Since the year 2000, more than 140 cities and counties (including the city of Sonoma in 2004) have implemented living wage laws affecting public sector workers and contractors. The “Fight for $15” campaign is coming soon to Sonoma County. A coalition of labor, faith, environmental and community organizations will hold a press conference on Monday, September 8 at 10 a.m. at the Glaser Center, (Unitarian Universalist Congregation at 547 Mendocino Ave., in Santa Rosa) to announce the living wage ordinance it plans to propose to the county’s Board of Supervisors this fall.
Representatives from Sonoma County Conservation Action, Sierra Club, North Bay Jobs with Justice, North Bay Labor Council, SEIU 1021, and clergy from local congregations will be on hand to launch the county living wage ordinance.

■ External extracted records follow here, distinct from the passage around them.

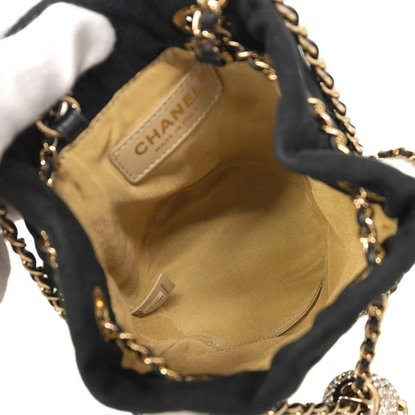 Chanel Matelasse Shoulder Bag with Chain Bag, Velvet, Black, Champagne, Women\'s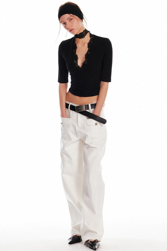 Schwarzes Spitzenoberteil mit V-Ausschnitt und Fünf-Minuten-Ärmeln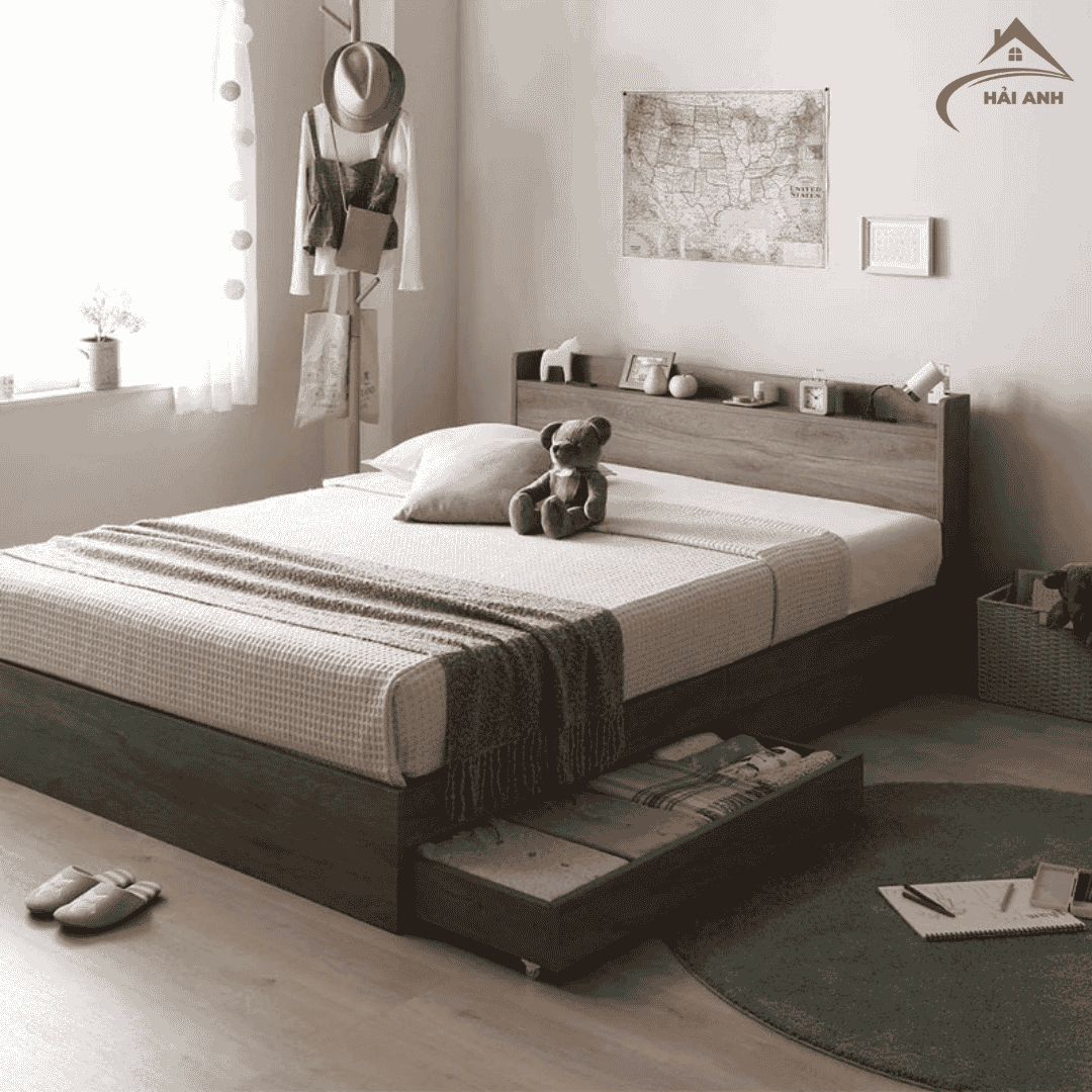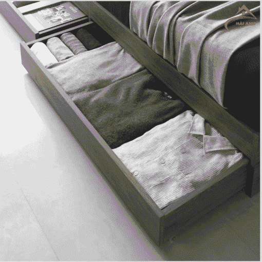 Điểm nổi bật của mẫu Giường Ngủ Gỗ MDF Sang Trọng Dễ Lắp chính là thiết kế thông minh với ngăn kéo tiện lợi ở hai bên giường. Đây là giải pháp lưu trữ lý tưởng cho những căn phòng có diện tích hạn chế, giúp bạn dễ dàng cất gọn chăn ga, quần áo hoặc các vật dụng cá nhân mà không cần tủ lớn cồng kềnh.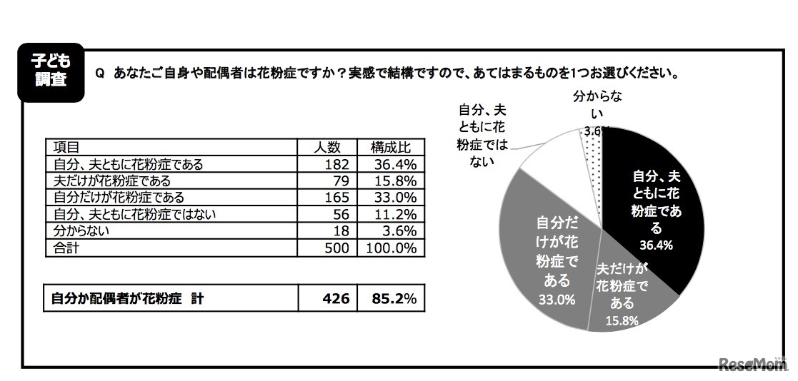 「花粉症調査」ロート製薬調べ 子どもの親の花粉症について(子ども調査)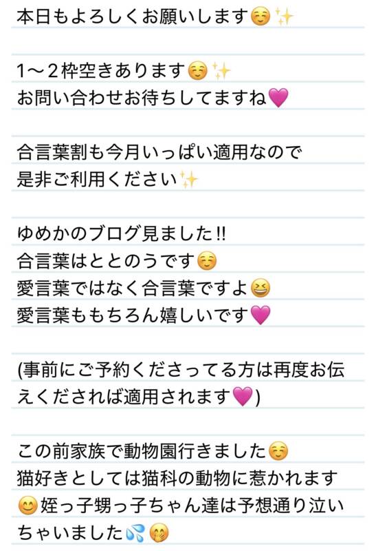 本日もよろしくお願いします✨🐅 2026 2/25 夢華 2026.02.25 北陸唯一!パフォーマンスに特化した「魅せる」メンズエステ 心身ともにリラックス。非日常的な極上のひと時を貴方に… お電話でのご予約はこちら LINEでのご予約はこちら 営業時間|9:30~25:00(9:00~25:00 最終受付) 完全ご予約制ご新規様、リピーター様の事前ご予約承ります 夢華 よかったらシェアしてね! URL Copied! URL Copied! 23日 ゆめはなさんって呼び方初めて☺️←ちょっと気に入ってる🩷M様❤️ 関連記事 20日 K君=クリーニングのK⁉️😳K君❤️ 2025.08.23 20日 しびれさせてゴ.メ.ン⚡️🩷O様❤️ 2025.12.22 本日もよろしくお願いします❤️ 2026.01.28 4日 お仕事の合間にありがとう☺️いつお会いしても素敵な年上男性✨T様❤️ 2026.02.06 27日 またまたまさかの共通点‼️😳運命共同体だよー✨T様❤️ 2025.11.27 2026年もよろしくお願いします✨ 2026.01.05 11日 ジャイアンとのび太のような関係🤣✨U様❤️ 2025.08.14 13日 2度目ましてありがとう✨☺️またすぐ会えて嬉しい🩷T君❤️ 2025.08.14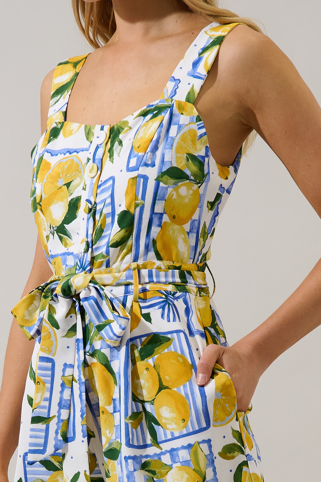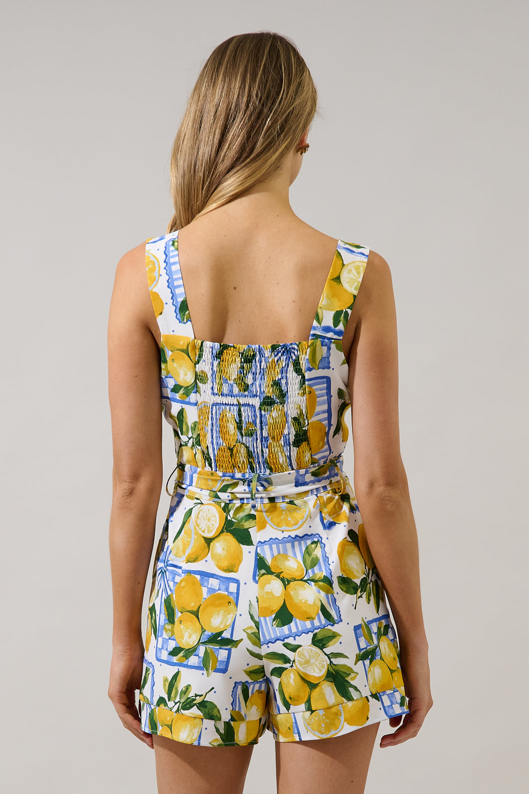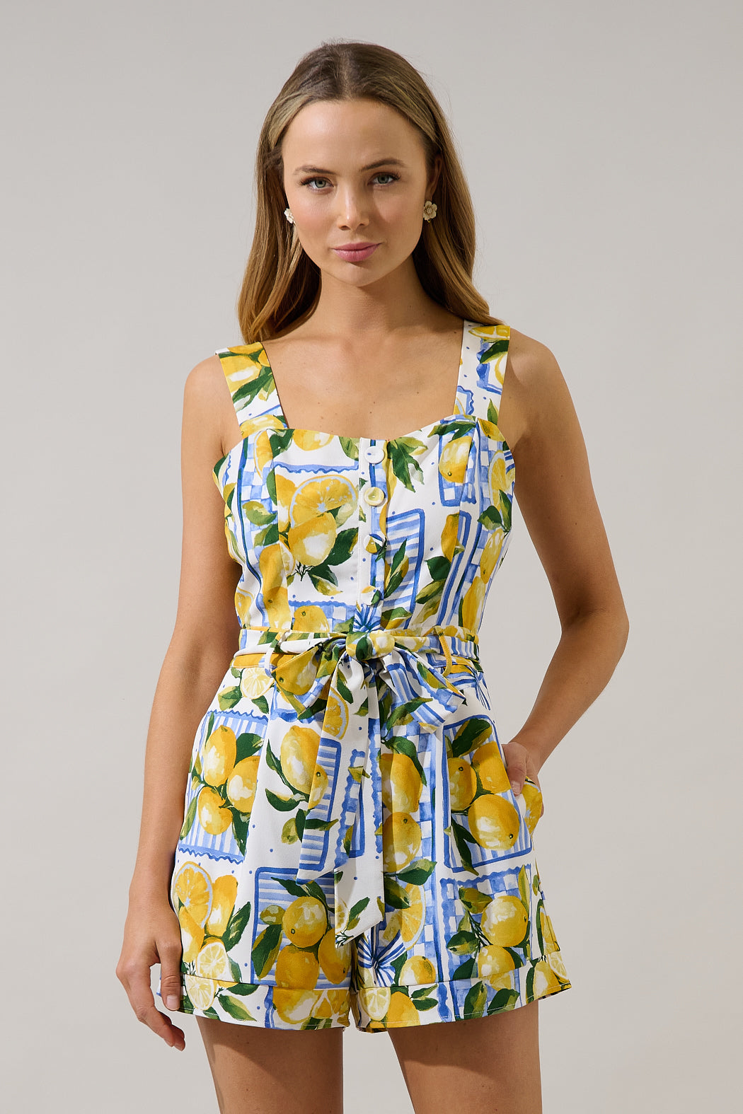 A little citrus, a lot of summer fun. This playful lemon print romper features a flattering square neckline, button front detail, and an adjustable tie waist for the perfect fit. Finished with a tailored yet easy silhouette and functional pockets. Easy to pair with heels or sandals.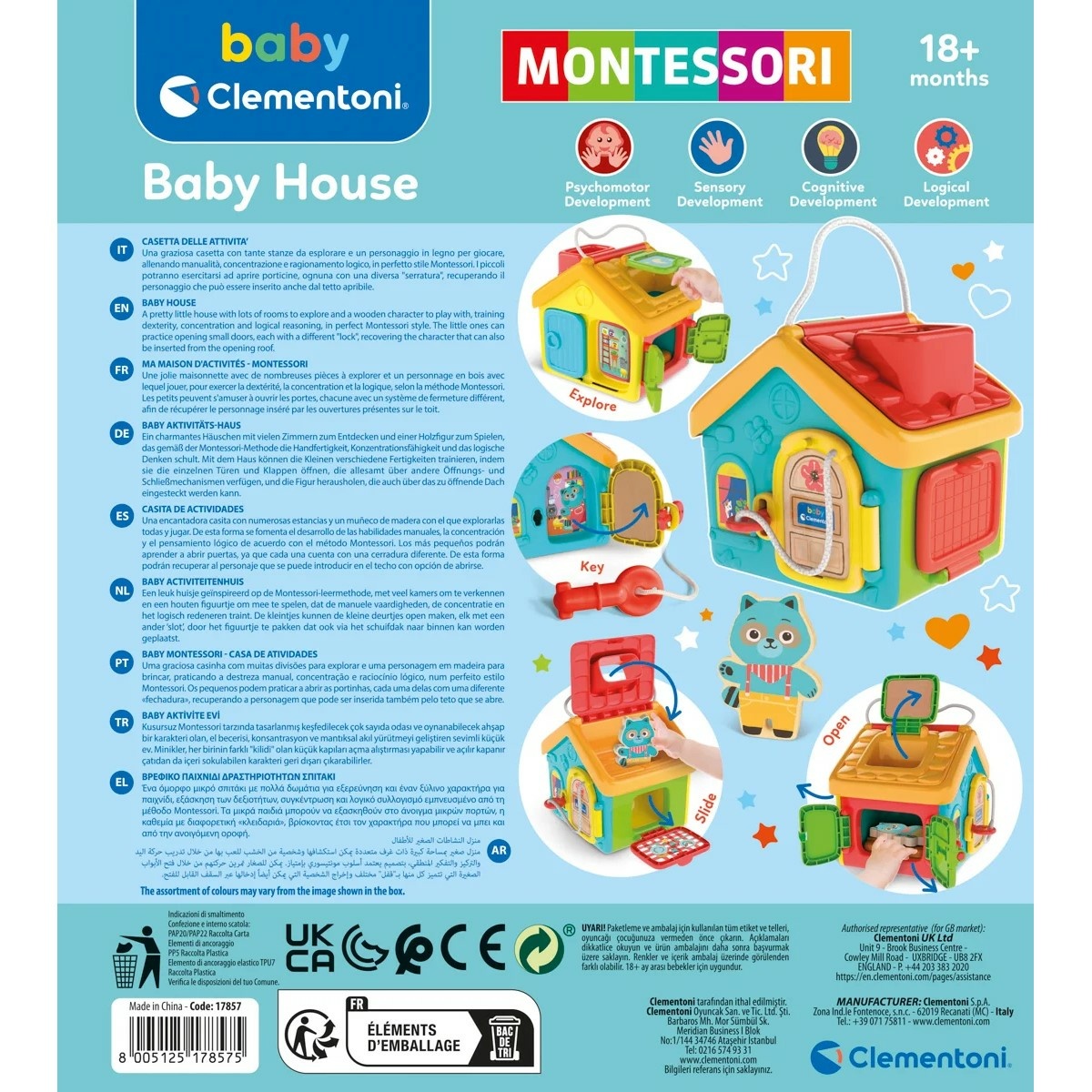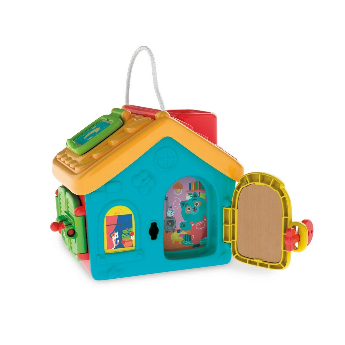 Interaktívna sada – domček s mnohými rôznymi funkciami a figúrkou na hranie. Hračka inšpirovaná Montessori metódou plní funkciu skutočnej cvičebnej sady, ktorá zlepšuje jemnú motoriku a zároveň učí používať predmety každodennej potreby. Dieťa, ktoré objavuje vnútro domčeka, precvičuje schopnosť otvoriť všetky dvierka a rôzne uzávery. Balenie: 21 x 24 x 17 cm. Vek: 18 m+

Representatives from three Sonoma County cities that have already passed living wage ordinances (David Glass, City of Petaluma mayor; Sarah Gurney, City of Sebastopol councilmember; Ken Brown, City of Sonoma councilmember) will speak to the press.
Despite all the many hardships that so many low-income citizens are bearing day-to-day, we do have cause to celebrate this year in the true spirit of Labor Day. As the old union slogan says: “Don’t mourn, organize!”